Moving the data files from one server to another NiFi server in scenario 1

  • Drag the processor icon to the NiFi canvas and select GetFTP or GetSFTP processor from the list.
  • Right-click on the processor and select Configure and in the Properties tab provide values for the following properties:
    Property Value
    Hostname Hostname of the server where the data files are available.
    Username Username to access the host server.
    Password Password to access the host server.
    Transfer Mode

    ASCII for XML files

    Binary for .gz files

    Remote Path Path to the location where the data files are available. Make sure that you can SFTP to this location.
    Private Key Path The fully qualified path to the Private Key file
    Properties that are applicable for GetSFTP processor only.
    Private Key Passphrase Password for the private key
    Host File If you provide this value, the file is used as the Host Key. Otherwise, no use host key file is used.
    Strict Host Key Checking Indicates whether strict enforcement of hosts keys must be applied
    Send Keep Alive On Timeout Indicates whether to send a single Keep Alive message when SSH socket times out.
  • Optional: To prevent the transfer of large files to NiFi input directory for processing before the file is copied completely, configure the following additional parameters in GetSFTP processor:
    Property Value
    Polling Interval Determines how long to wait between fetching the new files from remote location to NiFi input location. By default, it is 60 seconds. You might want to increase the value if you can determine the time to transfer the larger data files from remote server to the NiFi input location.
    Ignore Dotted files Make sure that this property is set to true. Files that start with a dot (.) are considered as hidden files and not transferred for processing.
    Note: Make sure that you rename with dot prefix the large files that might take time to transfer from the remote server to the NiFi input location.
  • Click Apply and go back to canvas.
  • Drag the processor icon to the NiFi canvas and select PutFile processor from the list.
  • Right-click on the processor and select Configure and in the Properties tab add the location of the input directory to Directory property.
  • Click GetSFTP processor and drag to PutFile processor to connect both of them.
  • Start both the processors.

Moving the data files from one server to another NiFi server in scenario 2

  • Drag the processor icon to the NiFi canvas and select GetSFTP processor from the list.
  • Right-click on the processor and select Configure and in the Properties tab provide values for the following properties:
    Property Value
    Hostname Hostname of the server where the data files are available.
    Username Username to access the host server.
    Password Password to access the host server.
    Transfer Mode

    ASCII for XML files

    Binary for .gz files

    Remote Path Path to the location where the data files are available in many subfolders.
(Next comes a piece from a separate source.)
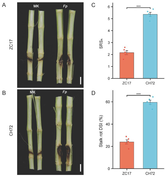 As described previously, we inoculated maize inbred lines CH72 and ZC17 at leaf nine. At 7 days post inoculation, the inoculated internodes were divided to observe in detail the F. proliferatum infestation and the appearance of stalk symptoms among the different groups. Obviously, compared with the mock-inoculation group, the F. proliferatum inoculation group showed obvious symptoms in the stalks, with brown areas in the upper and lower nodes of the inoculation site and darker areas closer to the wound location. More than half of the inoculated nodes showed typical dark brown symptoms, and even the lesion tissues in the vicinity of the wounds had completely collapsed and decayed (Figure 1). The inoculated group of samples from the resistant inbred line ZC17 showed significantly lower lesion areas and symptoms than those of the sensitive inbred line CH72 (Figure 1A,B). The SRSA and DSI of the ZC17 and CH72 stalks were consistent with the symptom phenotypes: the susceptible inbred CH72 had approximately 2.48-fold more SRSAs than the resistant inbred ZC17 line (Figure 1C), and its DSI increased by 35.36% compared to that of ZC17 (Figure 1D).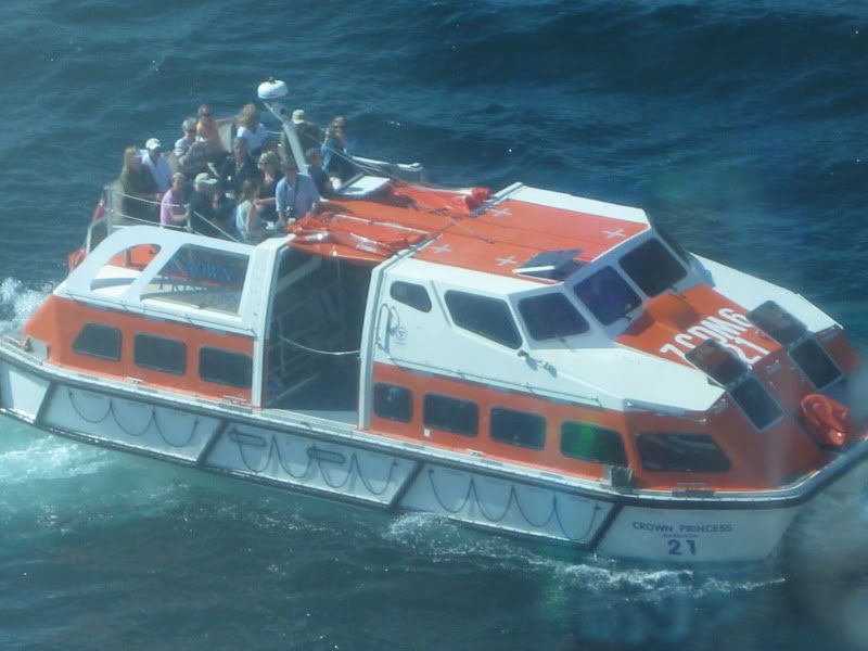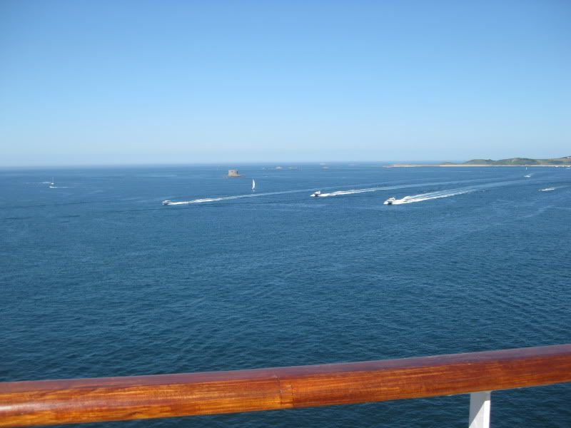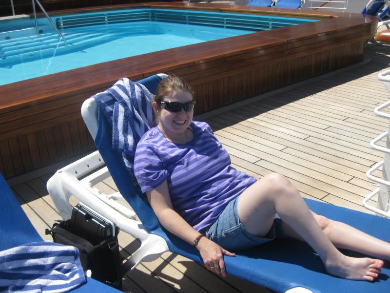 This port was a tender port (haul out the lifeboats) so those with booked tours got priority when it came to going ashore. Had we gone in, we likely would have only had an hour or so to look around before the last boat left for the ship. It was too rushy for us, and after a rough night, I was looking for some relaxation. Miracles of miracles it was finally HOT. Traveling north had been great, but the south finally offered some fun in the sun. The pools onboard came to life with laughing kids and adults alike. Still, Mom and I stuck to the "adult" pool at the stern of the ship (yes, I'm using the REAL term:-)) Even with suntan lotion I managed to get pretty crispy, but the warmth of the sun made it all worth it. Mom swam in the pool behind me, while I stared out at the fancy boats that were zipping across the water to get an upclose view of the ship. I had fun waving at them from my perch above:-)

Make sure that you can SFTP to this location. For example,
    • /ems_output/card/1590662105.csv
    • /ems_output/session-realm/1590662105.csv
    • /ems_output/system/1590662105.csv
  • Optional: To prevent the transfer of large files to NiFi input directory for processing before the file is copied completely, configure the following additional parameters in GetSFTP processor:
    Property Value
    Polling Interval Determines how long to wait between fetching the new files from remote location to NiFi input location. By default, it is 60 seconds. You might want to increase the value if you can determine the time to transfer the larger data files from remote server to the NiFi input location.
    Ignore Dotted files Make sure that this property is set to true. Files that start with a dot (.) are considered as hidden files and not transferred for processing.
    Note: Make sure that you rename with dot prefix the large files that might take time to transfer from the remote server to the NiFi input location.
  • Click Apply and go back to canvas.
  • Drag the processor icon to the NiFi canvas and select UpdateAttribute processor from the list.
  • Right-click on the processor and select Configure and in the Properties tab. Click the Add Property (Add Property) icon to add the following properties and their values:
    Property Value
    filename
    ${filename:prepend(${path:replace(‘/’,’_’)})}
    It replaces the / in the data file path to _. For example,
    • ems_output_card_1590662105.csv
    • ems_output_session-realm_1590662105.csv
    • ems_output_system_1590662105.csv
    GetSFTP.remote.source The remote server where the data files are located. For example, localhost.
    path Path where the data files are available. For example,
    • /ems_output/card/1590662105.csv
    • /ems_output/session-realm/1590662105.csv
    • /ems_output/system/1590662105.csv
    .
  • Click Apply and go back to canvas.
  • Click GetSFTP processor and drag to UpdateProcessor processor to connect both of them.
  • Drag the processor icon to the NiFi canvas and select PutFile processor from the list.
  • Right-click on the processor and select Configure and in the Properties tab add the location of the input directory to Directory property.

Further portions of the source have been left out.